In deze uitspraak van de Rechtbank Den Haag op 2 december 2024, wordt het beroep van een Algerijnse vreemdeling beoordeeld die in bewaring is gesteld op grond van de Vreemdelingenwet 2000. De maatregel van bewaring, die oorspronkelijk op 4 mei 2024 was opgelegd, is op 30 oktober 2024 verlengd met maximaal twaalf maanden. De vreemdeling heeft op 15 november 2024 beroep ingesteld tegen deze verlenging en verzocht om schadevergoeding. Tijdens de zitting op 26 november 2024 zijn zowel de vreemdeling als zijn gemachtigde, alsook de gemachtigde van de minister van Asiel en Migratie aanwezig.
De rechtbank heeft de rechtmatigheid van de verlenging van de maatregel van bewaring beoordeeld aan de hand van de beroepsgronden van de vreemdeling. De rechtbank concludeert dat de minister voldoende gronden heeft om de maatregel te verlengen, aangezien er een risico op onttrekking aan het toezicht bestaat. De vreemdeling heeft aangevoerd dat hij voldoende meewerkt aan het onderzoek naar zijn identiteit en nationaliteit, maar de rechtbank oordeelt dat de minister voldoende heeft aangetoond dat de vreemdeling niet voldoende meewerkt aan zijn terugkeer en dat de benodigde documentatie uit een derde land nog ontbreekt.
Daarnaast heeft de rechtbank de voortvarendheid van de minister beoordeeld en geconcludeerd dat er geen aanleiding is om te veronderstellen dat de minister onvoldoende voortvarend handelt.
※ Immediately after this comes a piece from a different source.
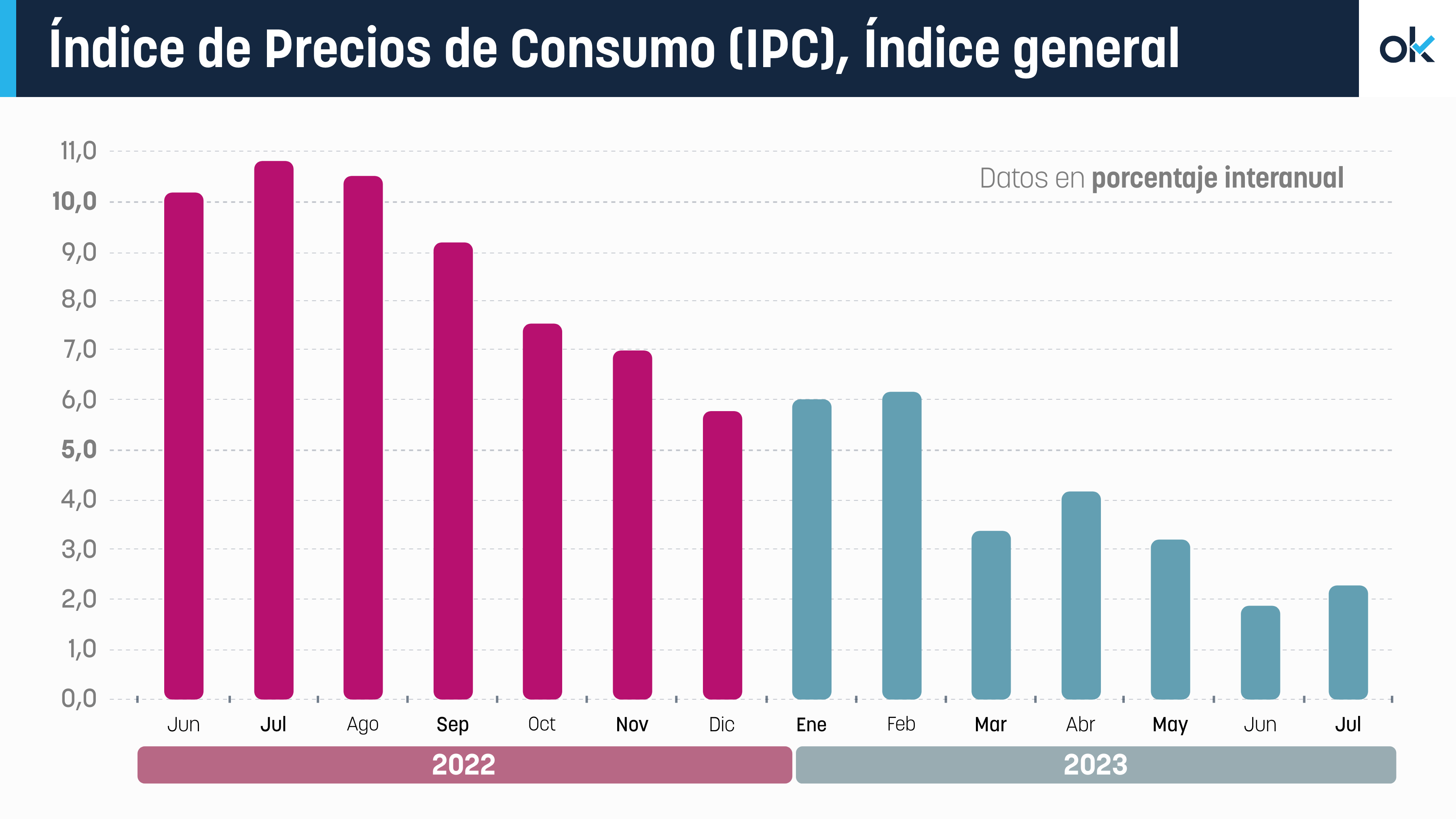 Con este repunte, la inflación deja atrás dos meses consecutivos de moderación, mayo (3,2 %) y junio (1,9 %), aunque se encuentra lejos de las tasas de dos dígitos registradas en el verano de 2022, en parte por el efecto de comparar con un periodo en el que los precios ya estaban subiendo.
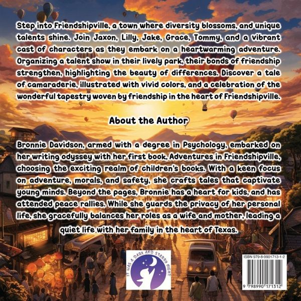 Step into Friendshipville, a town where diversity blossoms, and unique talents shine. Join Jaxon, Lilly, Jake, Grace, Tommy, and a vibrant cast of characters as they embark on a heartwarming adventure. Organizing a talent show in their lively park, their bonds of friendship strengthen, highlighting the beauty of differences. Discover a tale of camaraderie, illustrated with vivid colors, and a celebration of the wonderful tapestry woven by friendship in the heart of Friendshipville.

De rechtbank oordeelt ook dat er zicht op uitzetting naar Algerije is, ondanks de zorgen van de vreemdeling over de termijn. Tot slot heeft de rechtbank de medische omstandigheden van de vreemdeling in overweging genomen, maar oordeelt dat deze niet voldoende zijn om de maatregel van bewaring op te heffen. Het beroep van de vreemdeling wordt ongegrond verklaard en het verzoek om schadevergoeding wordt afgewezen.